Ball's Pyramid is an erosional remnant of a shield volcano and caldera that formed about 7 million years ago. Balls Pyramid is 20 km (13 miles) southeast of Lord Howe Island in the Pacific Ocean. It is 562 m (1844 ft) high, while measuring only 1100 m (3600 ft) in length and 300 m (1000 ft) across, making it the tallest volcanic stack in the world. Balls Pyramid is located at 31°45′21″S 159°15′02″E / 31.75583°S 159.25056°E / -31.75583; 159.25056. It is part of the Lord Howe Island Marine Park.

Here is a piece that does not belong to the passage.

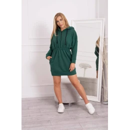Zateplené šaty s kapucňou tmavo zelené

Balls Pyramid has a few satellite islets. Observatory Rock and Wheatsheaf Islet lie about 800 m WNW and 800 m WSW, respectively, of the western extremity of Balls Pyramid. Southeast Rock is a pinnacle located about 3.5 km southeast of Balls Pyramid. Like Lord Howe Island and the Lord Howe seamount chain, Balls Pyramid is based on the Lord Howe Rise, part of the submerged continent of Zealandia.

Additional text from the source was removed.